Backslash est très heureuse d'annoncer la nouvelle exposition de l'artiste français Rero dont les recherches se sont enrichies ces dernières années à travers ses résidences aux Etats-Unis et en Amérique du Sud. Trois ans après sa dernière exposition à la galerie, il choisit de nommer sa nouvelle proposition IBID., abréviation du latin ibidem pour « même endroit », afin d’exprimer sa volonté de retourner dans un espace réel déjà investi. Cependant, au lieu de rayer ce mot d’un trait épais, comme à son accoutumée, il décide de le raturer par l’aphorisme ÉPUISEMENT DES IDÉAUX et questionne ainsi les archétypes de perfection que notre esprit peut concevoir indépendamment de la réalité. Pour Rero, cette nouvelle exposition met en exergue notre volonté et/ou notre nécessité d’entamer une phase de transition dans une attitude plus pragmatique, en empruntant différentes voies alternatives qui pourraient nous rapprocher de nos idéaux tout en évitant l’affaiblissement.
L'exposition présente un résumé de l'ensemble des recherches de Rero de ces dernières années à travers le continent américain, notamment à Rio de Janeiro, dans la Candelaria de Bogota, mais aussi en Californie. Chacun des ensembles d'œuvres questionne l'un de nos idéaux, qu'il soit culturel, déterministe, politique, social, financier, virtuel, mais aussi tout simplement humain ; ce que l’on souhaiterait idéalement suivre, à l’image de Kallipolis, la cité idéale que décrivait Platon dans La République.
Notre idéal virtuel et notre rapport au numérique sont définis par une installation immersive, au rez-de-chaussée, sur le thème de F.O.M.O. (acronyme de Fear Of Missing Out). La peur de manquer quelque chose est une sorte d'anxiété sociale, celle de manquer une nouvelle importante ou un autre événement quelconque donnant une occasion d'interagir socialement et affectant particulièrement la concentration des jeunes mais qui pertube également les différentes générations.
Notre idéal sociétal s'inspire du film Fahrenheit 451 de François Truffaut, tiré de la nouvelle de Ray Bradbury, et propose une série de livres brûlés enfermés sous résine abordant le thème de la censure et l’autocensure, référence au code d'erreur 451 d'une page web inaccessible pour des raisons d'ordre légale.
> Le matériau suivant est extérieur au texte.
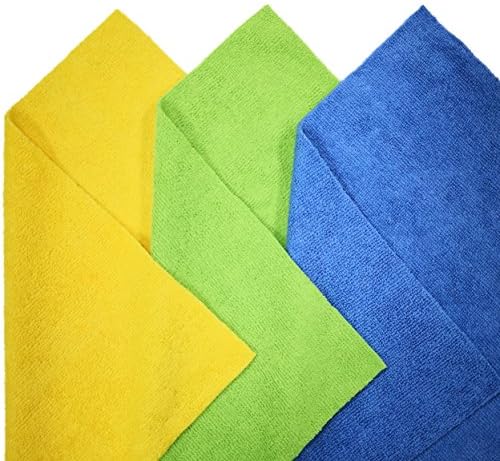 POLYTE Microfiber Cleaning Cloth Ultrasonic Cut Edgeless, 14 x 14 in (36 Pack, Blue,Green,Yellow)

Le nombre 451 est la température en degrés Fahrenheit à laquelle le papier s'enflamme sans besoin d'une flamme extérieure.
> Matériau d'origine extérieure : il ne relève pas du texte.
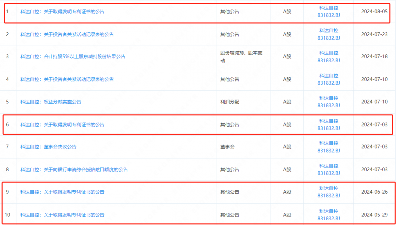截至8月9日,山西科达自控股份有限公司先后9次发布关于取得发明专利证书的公告,共涉及专利13项,其中7月份至今共有3项发明收到了国家知识产权局颁发的 《发明专利证书》,知识产权保护体系进一步被完善。

Notre idéal financier est remis en question par l'intervention de Rero sur des billets de monnaie locale, notamment la livre de Brixton, à l'effigie de David Bowie, déjà en circulation à Londres, soulignant ainsi les choix alternatifs envisageables dans nos échanges financiers.
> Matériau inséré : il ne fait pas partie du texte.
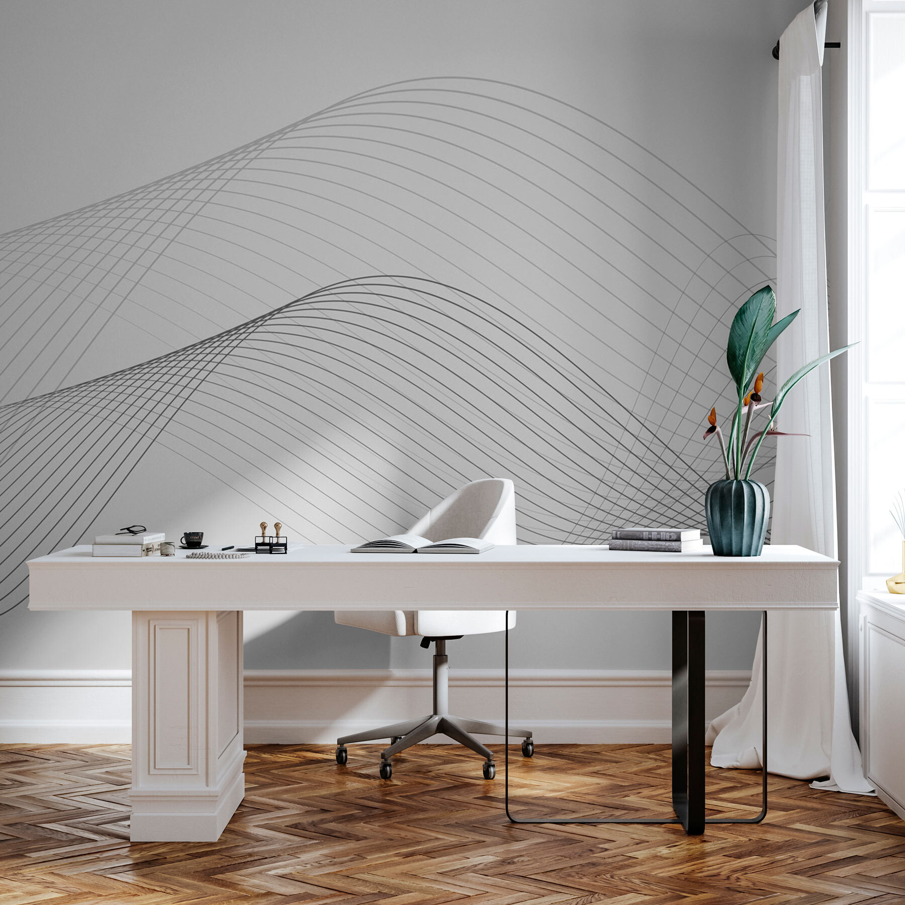 Představte si, že vám po stěně plyne klidná vlna černých a bílých čar. Tato fototapeta s minimalistickým designem dodá každé místnosti elegantní nádech. Je to jako jemný vánek na pláži, ale pro vaše zdi! Ať už máte rádi moderní dekorace, nebo jen chcete něčím zatřást, tato nástěnná malba se sem hodí. Je ideální pro chvíle, kdy si potřebujete jen vizuálně odpočinout. Je to jako moderní mistrovské dílo, které nekřičí – šeptá, a každý má rád dobrý šepot, že? Promění obyčejné stěny v umění. Stylové, jednoduché, ohromující.

Notre idéal politique est présenté par une installation de cerfs-volants fabriqués à Rio de Janeiro, engins utilisés dans les favelas afin de prévenir de l'arrivée des forces de l'ordre mais aussi moyen pour les membres d'une communauté de régler leurs différents en s'affrontant par ces « armes ».
Notre idéal déterministe est défini par une série de toiles dont les expressions suivent le précepte de double contrainte (double bind) défini par Paul Watzlawick, membre fondateur de l'Ecole de Palo Alto, qui proposait comme exemple pour illustrer ce concept un panneau autoroutier indiquant « ignorez ce panneau ». Rero tente ici d'activer les propres ressources de tout un chacun à digérer et à se démarquer de ce qui nous est imposé.
Avec cette série d'œuvres et toujours avec humour, Rero attire notre attention sur le changement de société imminent dont nous pourrions prendre les commandes, notamment par des voies alternatives, thème principal de l'exposition. Il veut mettre en évidence les limites de notre système vieillissant qui ne sclérose pas seulement notre réalité mais également nos idéaux.
Une monographie, de 230 p., en édition limitée et signée de 150 ex., regroupant les recherches de Rero sur les dix dernières années, est publiée à l'occasion de l'exposition.
Le travail de Rero a été exposé dans de nombreuses institutions, notamment au Centre Pompidou, au Grand Palais à Paris, au MAC/VAL, au MAC de Bogota ou à la Caixa Cultural de Rio de Janeiro, Sao Paulo et Brasilia.